A. A. Rahim memorial District Hospital, Kollam is a general hospital located in Kollam, Kerala, India. It is the main referral hospital for the Kollam district, and it provides a wide range of medical services, including inpatient and outpatient care, diagnostic and therapeutic services, and research. It was established on 20 December 1957, under the ownership of as a secondary level care institution.

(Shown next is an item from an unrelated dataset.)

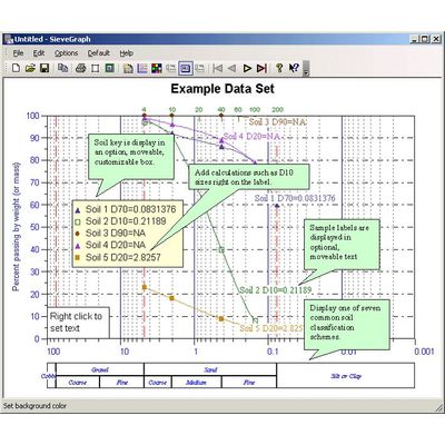 Provides highly customizable, professional quality sieve and hydrometer plots for soils analysis. SieveGraph allows you to produce professional quality, highly customized graphs of sieve and hydrometer analyses.

It was renamed after A.A. Rahim, politician, freedom fighter, and union minister.

District hospital Kollam has sanctioned bed strength of 537.

The Kollam District Hospital functions under the administrative control of the Health and Family Welfare Department, Government of Kerala, while its operational control rests with the Kollam District Panchayat.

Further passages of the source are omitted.